This is a very well-written book of social conflict. The young village orphan boy Francis Ndidi-Agu, adopted by a priest (who anglicized his surname to Didi) and sponsored to a British education, was able to see the world with a new eye. He realized that in telling themselves they were white when their skin color was actually pink, and in going about brutalizing other peoples in the name of civilization, European culture seemed to be founded on some sort of madness. He divorced himself from his adopted family and refused to become a priest, causing his sponsor priest to write his village that he was dead. He decides to illustrate this madness by announcing that he was GREEN and acting like he owned everybody, and to the extent of killing six white people in cold blood.
He wanted to deceive society by claiming to be mad, and see what would happen in court. But his real reason was found out by a student psychiatrist who was interviewing him, and unfortunately the secret service had used her without her consent, and Didi’s intent was out before the court hearing. He was afterwards jailed for several years, part of them spent in mental prisons. He was released from prison through pressure from friends and deported back to Nigeria, where he was immediately attracted to a father-less family of a mother, son (Obi) and an adopted daughter. He got a teaching job at a college and became a hero of student activism on the one hand, and an enemy of a wealthy politician that saw him as the cause of his daughter’s rebellion, and eventually arranged for his home to be set afire at night with Didi trapped inside.
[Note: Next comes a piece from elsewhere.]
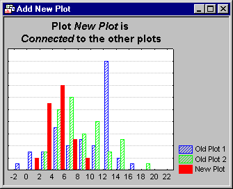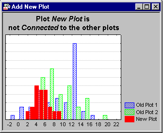 For example, suppose your current plot is a multiple histogram, where the columns for different variables for identical categories are displayed side-by-side. If you add another histogram plot (add a plot of type Histogram), and select the Connect to current plot's setting check box, then the data typed into the Graph Data Editor will be rendered in the graph as additional columns, displayed next to all other columns.

Most of the book was about his arrival in his village and the villagers’ initial assumption that he was a ghost, his growing attraction to Obi and his family, his popularity in the village, schools and country, his confrontation with the Ndumezays, and his death, told in first person by Obi himself, probably after his own return from England under the sponsorship of one of Didi’s friends. The real meat of the story is in the form of a manuscript about Didi’s experience in England which was sent to him in the village by his friend, and which he let Obi read when he was about to die.